▶ _The task_
Each line below needs to be returned exactly. Skip any picture.

▶ _Data provided_

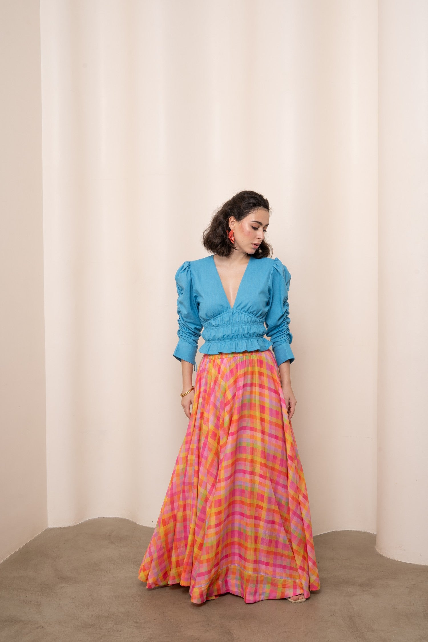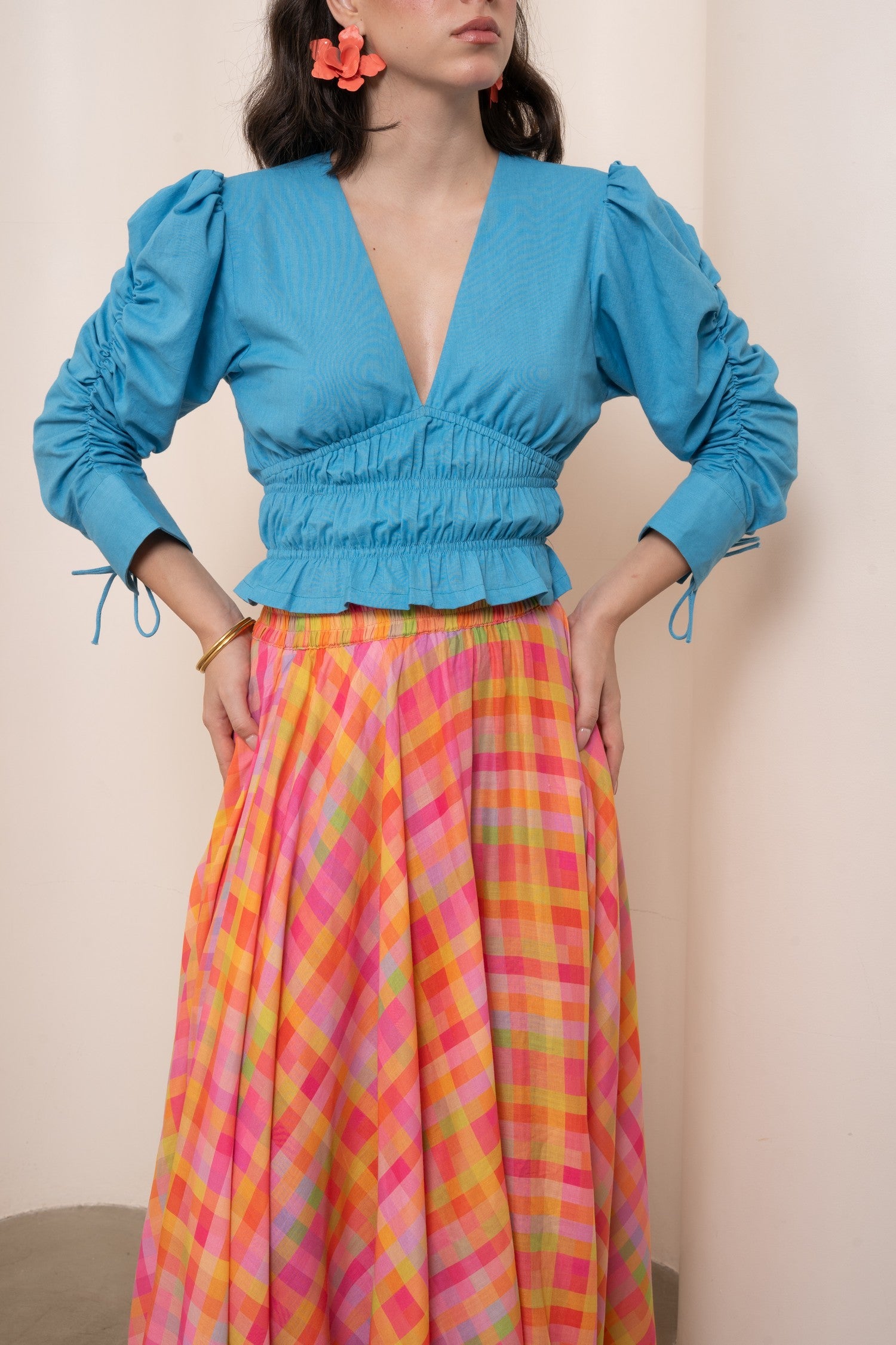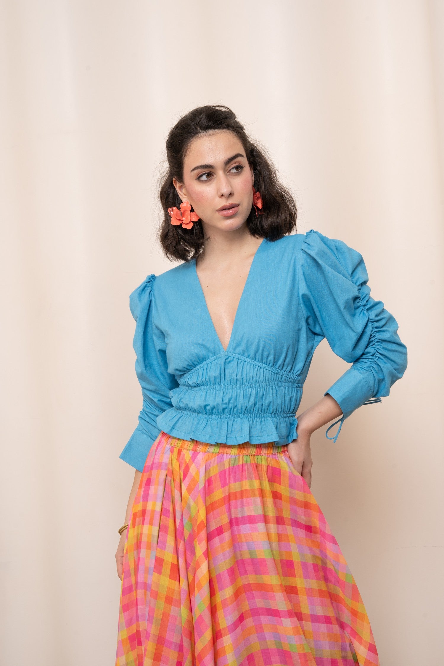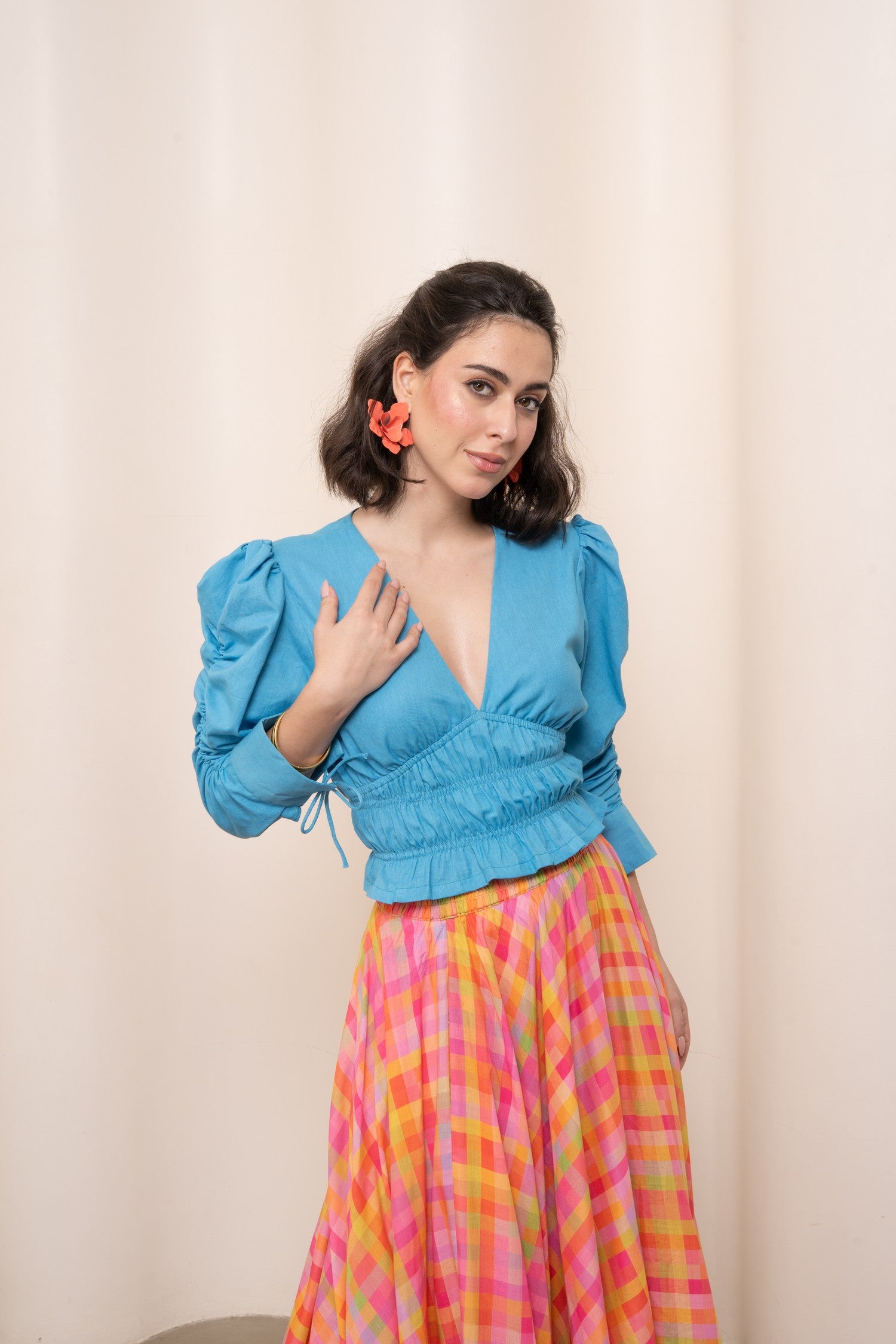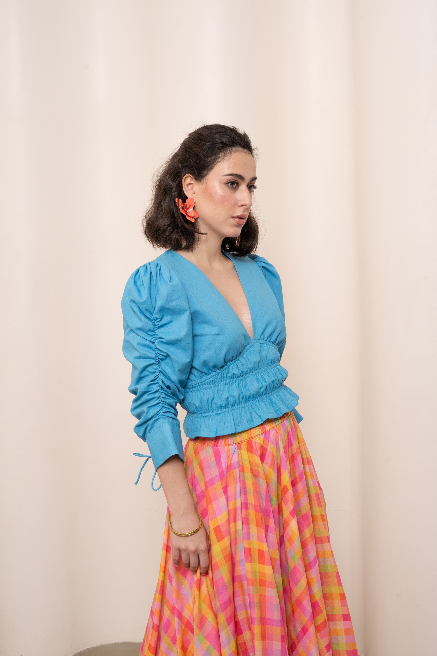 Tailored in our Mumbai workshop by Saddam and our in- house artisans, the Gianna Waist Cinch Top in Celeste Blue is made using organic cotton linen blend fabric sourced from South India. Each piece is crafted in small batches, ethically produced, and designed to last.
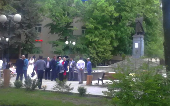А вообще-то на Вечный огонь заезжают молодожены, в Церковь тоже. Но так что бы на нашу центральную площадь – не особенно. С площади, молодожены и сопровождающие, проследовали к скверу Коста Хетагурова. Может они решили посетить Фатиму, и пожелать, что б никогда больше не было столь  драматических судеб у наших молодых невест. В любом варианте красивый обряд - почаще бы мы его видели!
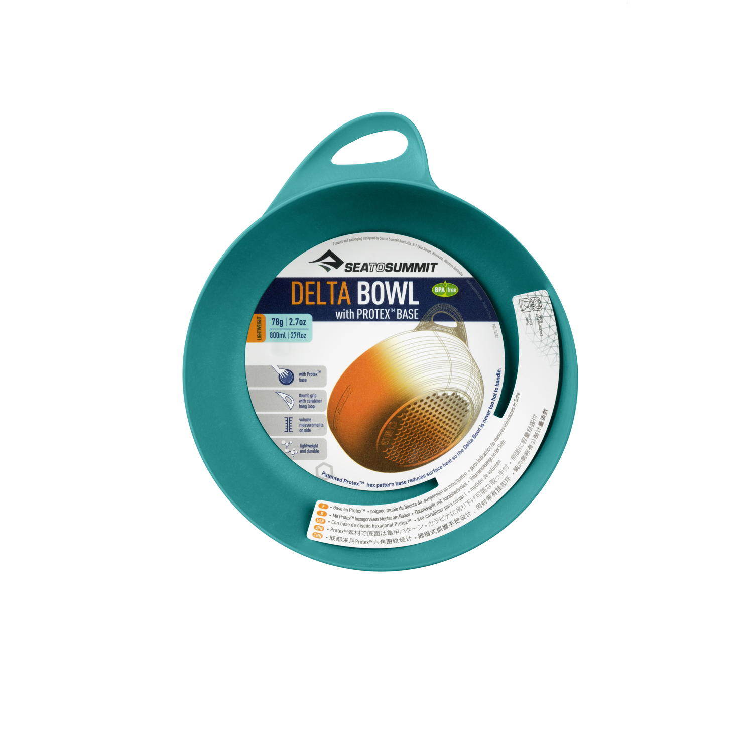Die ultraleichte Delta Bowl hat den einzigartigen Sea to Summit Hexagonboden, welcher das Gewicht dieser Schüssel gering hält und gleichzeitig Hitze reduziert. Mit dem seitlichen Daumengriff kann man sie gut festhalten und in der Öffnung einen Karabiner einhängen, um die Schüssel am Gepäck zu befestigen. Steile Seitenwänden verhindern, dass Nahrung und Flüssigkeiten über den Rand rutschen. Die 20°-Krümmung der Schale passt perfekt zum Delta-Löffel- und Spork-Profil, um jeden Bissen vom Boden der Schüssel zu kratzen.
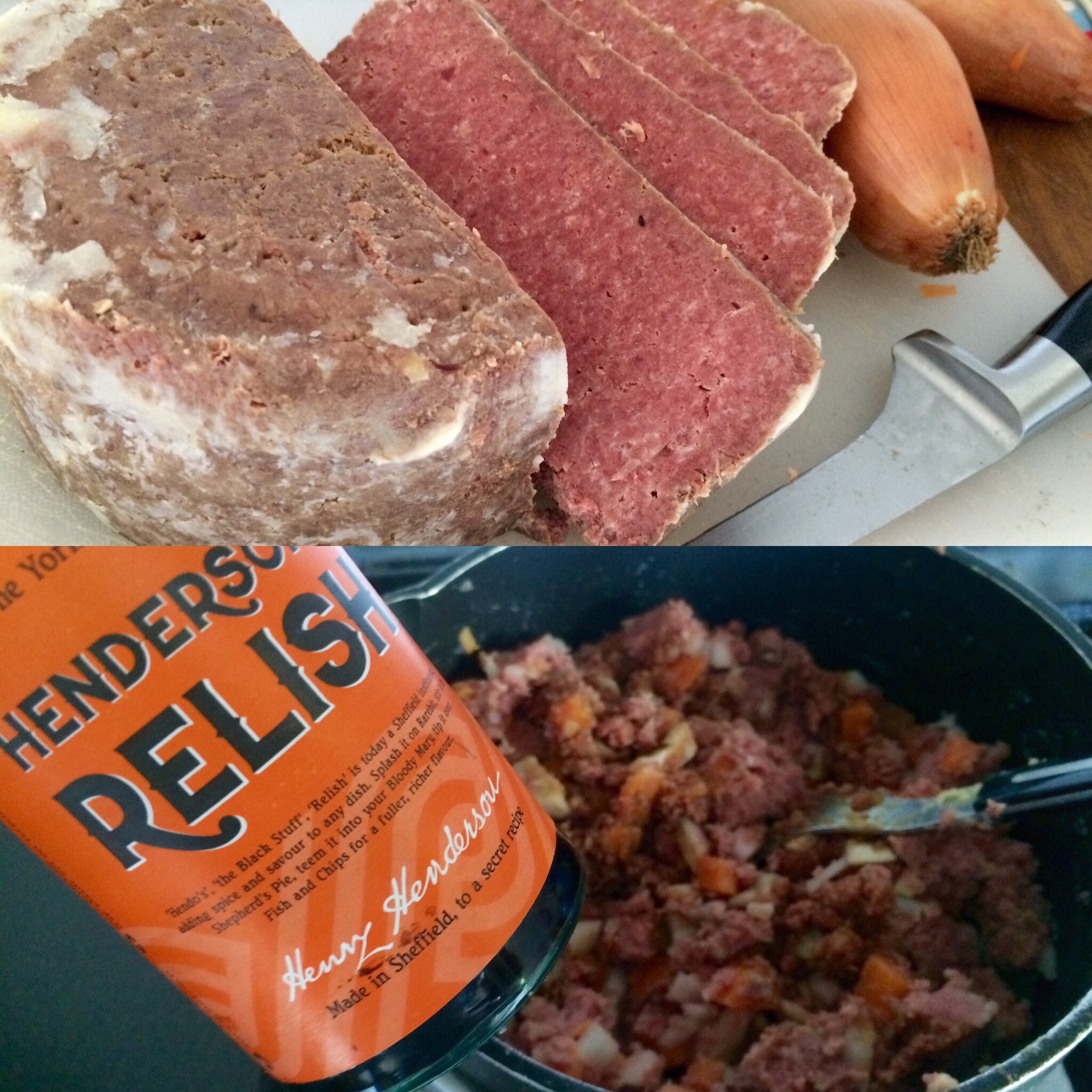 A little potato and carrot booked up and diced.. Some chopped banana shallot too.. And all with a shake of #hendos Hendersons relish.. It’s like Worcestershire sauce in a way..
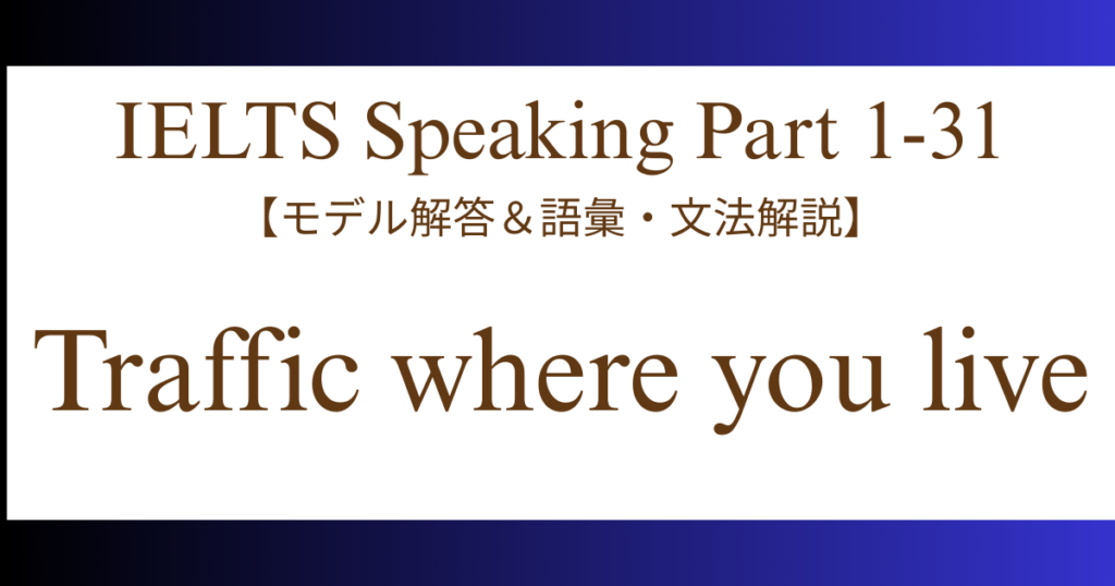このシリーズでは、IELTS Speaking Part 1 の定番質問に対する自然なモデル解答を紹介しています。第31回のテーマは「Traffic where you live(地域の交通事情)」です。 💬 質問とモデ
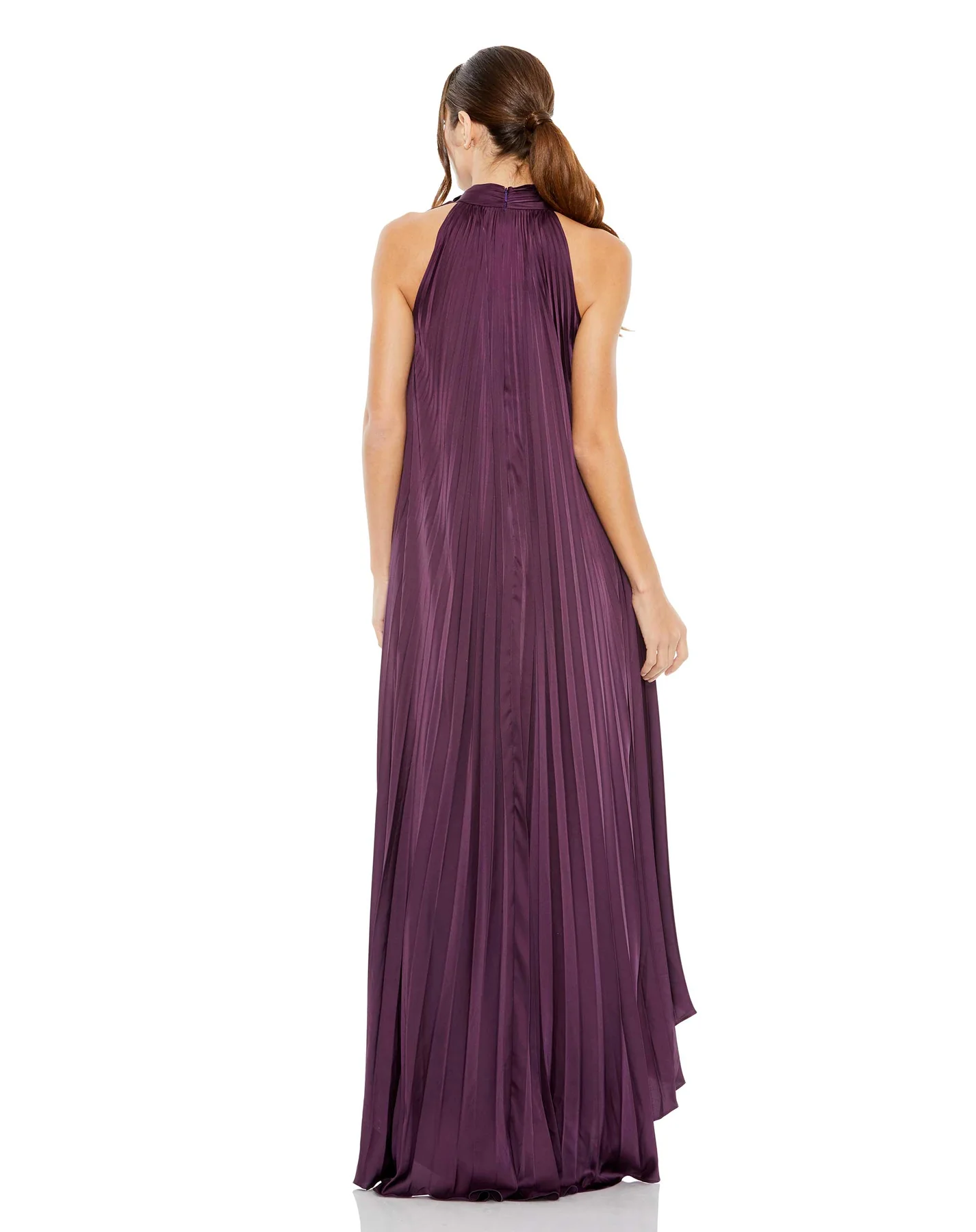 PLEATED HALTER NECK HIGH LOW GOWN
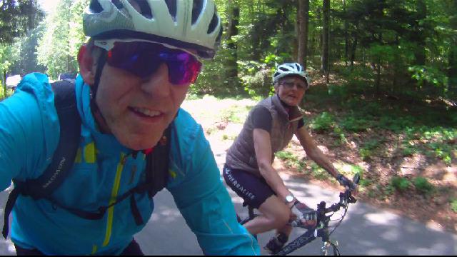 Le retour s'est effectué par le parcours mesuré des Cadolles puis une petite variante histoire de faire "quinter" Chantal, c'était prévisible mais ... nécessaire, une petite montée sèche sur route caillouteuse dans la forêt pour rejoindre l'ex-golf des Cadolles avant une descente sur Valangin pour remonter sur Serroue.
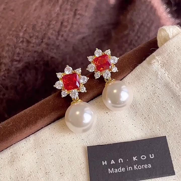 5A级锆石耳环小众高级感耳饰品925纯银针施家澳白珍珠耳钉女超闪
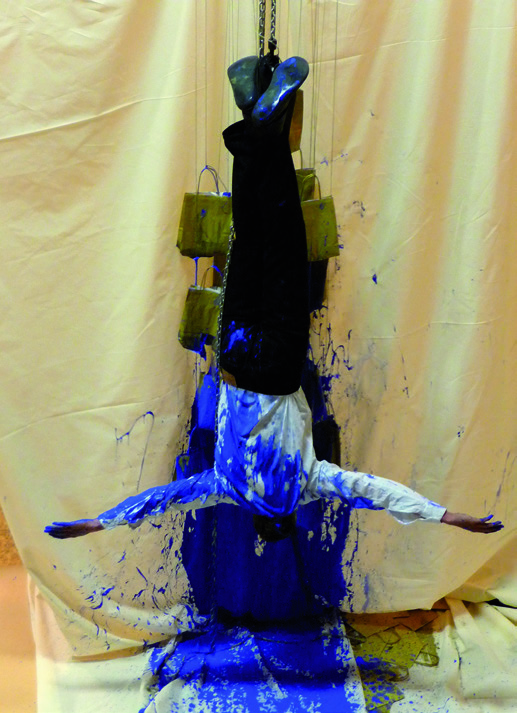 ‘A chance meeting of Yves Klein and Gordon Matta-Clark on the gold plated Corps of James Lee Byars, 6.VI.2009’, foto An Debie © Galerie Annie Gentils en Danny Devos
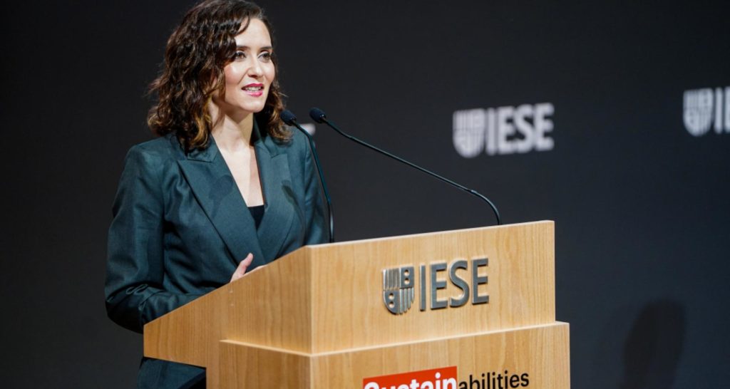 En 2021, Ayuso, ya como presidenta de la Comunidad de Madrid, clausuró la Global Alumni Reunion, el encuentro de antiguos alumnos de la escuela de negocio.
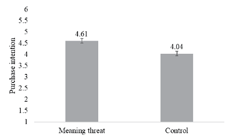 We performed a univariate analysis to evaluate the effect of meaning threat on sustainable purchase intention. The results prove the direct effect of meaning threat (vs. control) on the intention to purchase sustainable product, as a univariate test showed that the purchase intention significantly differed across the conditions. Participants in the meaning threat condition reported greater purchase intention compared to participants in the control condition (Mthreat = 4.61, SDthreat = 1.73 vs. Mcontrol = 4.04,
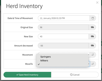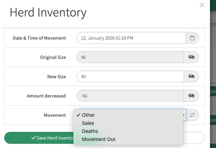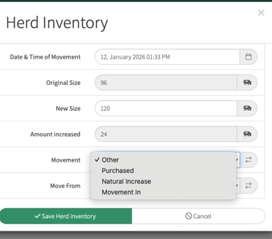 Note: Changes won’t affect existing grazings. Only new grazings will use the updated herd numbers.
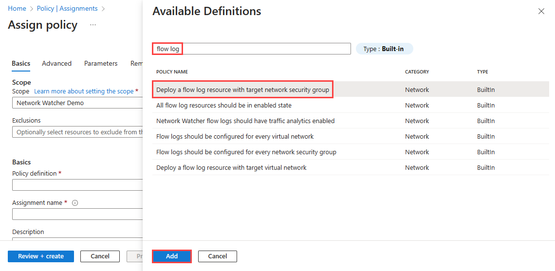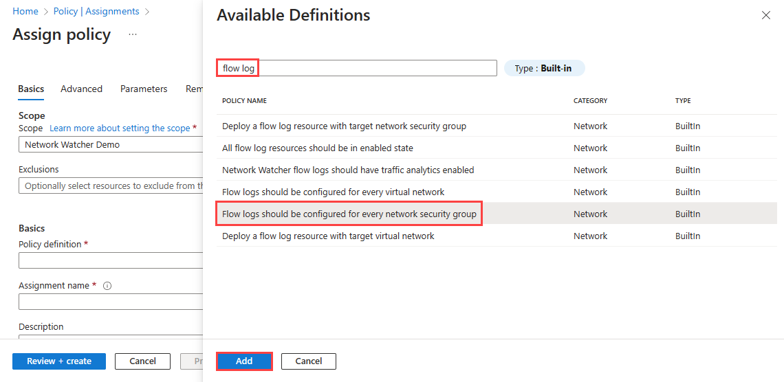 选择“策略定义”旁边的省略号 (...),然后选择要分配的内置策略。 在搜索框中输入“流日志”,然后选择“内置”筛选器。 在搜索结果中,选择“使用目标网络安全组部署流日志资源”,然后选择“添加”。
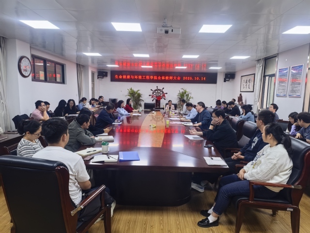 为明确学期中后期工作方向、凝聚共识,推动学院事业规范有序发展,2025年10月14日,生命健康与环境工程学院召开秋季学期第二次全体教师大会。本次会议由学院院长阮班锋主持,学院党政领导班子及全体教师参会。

▶ _Answer to the problem_
 Tailored in our Mumbai workshop by Saddam and our in- house artisans, the Gianna Waist Cinch Top in Celeste Blue is made using organic cotton linen blend fabric sourced from South India. Each piece is crafted in small batches, ethically produced, and designed to last.
А вообще-то на Вечный огонь заезжают молодожены, в Церковь тоже. Но так что бы на нашу центральную площадь – не особенно. С площади, молодожены и сопровождающие, проследовали к скверу Коста Хетагурова. Может они решили посетить Фатиму, и пожелать, что б никогда больше не было столь  драматических судеб у наших молодых невест. В любом варианте красивый обряд - почаще бы мы его видели!
Die ultraleichte Delta Bowl hat den einzigartigen Sea to Summit Hexagonboden, welcher das Gewicht dieser Schüssel gering hält und gleichzeitig Hitze reduziert. Mit dem seitlichen Daumengriff kann man sie gut festhalten und in der Öffnung einen Karabiner einhängen, um die Schüssel am Gepäck zu befestigen. Steile Seitenwänden verhindern, dass Nahrung und Flüssigkeiten über den Rand rutschen. Die 20°-Krümmung der Schale passt perfekt zum Delta-Löffel- und Spork-Profil, um jeden Bissen vom Boden der Schüssel zu kratzen.
 A little potato and carrot booked up and diced.. Some chopped banana shallot too.. And all with a shake of #hendos Hendersons relish.. It’s like Worcestershire sauce in a way..
このシリーズでは、IELTS Speaking Part 1 の定番質問に対する自然なモデル解答を紹介しています。第31回のテーマは「Traffic where you live(地域の交通事情)」です。 💬 質問とモデ
 PLEATED HALTER NECK HIGH LOW GOWN
 Le retour s'est effectué par le parcours mesuré des Cadolles puis une petite variante histoire de faire "quinter" Chantal, c'était prévisible mais ... nécessaire, une petite montée sèche sur route caillouteuse dans la forêt pour rejoindre l'ex-golf des Cadolles avant une descente sur Valangin pour remonter sur Serroue.
 5A级锆石耳环小众高级感耳饰品925纯银针施家澳白珍珠耳钉女超闪
 ‘A chance meeting of Yves Klein and Gordon Matta-Clark on the gold plated Corps of James Lee Byars, 6.VI.2009’, foto An Debie © Galerie Annie Gentils en Danny Devos
 En 2021, Ayuso, ya como presidenta de la Comunidad de Madrid, clausuró la Global Alumni Reunion, el encuentro de antiguos alumnos de la escuela de negocio.
 We performed a univariate analysis to evaluate the effect of meaning threat on sustainable purchase intention. The results prove the direct effect of meaning threat (vs. control) on the intention to purchase sustainable product, as a univariate test showed that the purchase intention significantly differed across the conditions. Participants in the meaning threat condition reported greater purchase intention compared to participants in the control condition (Mthreat = 4.61, SDthreat = 1.73 vs. Mcontrol = 4.04,
 Note: Changes won’t affect existing grazings. Only new grazings will use the updated herd numbers.
 选择“策略定义”旁边的省略号 (...),然后选择要分配的内置策略。 在搜索框中输入“流日志”,然后选择“内置”筛选器。 在搜索结果中,选择“使用目标网络安全组部署流日志资源”,然后选择“添加”。
 为明确学期中后期工作方向、凝聚共识,推动学院事业规范有序发展,2025年10月14日,生命健康与环境工程学院召开秋季学期第二次全体教师大会。本次会议由学院院长阮班锋主持,学院党政领导班子及全体教师参会。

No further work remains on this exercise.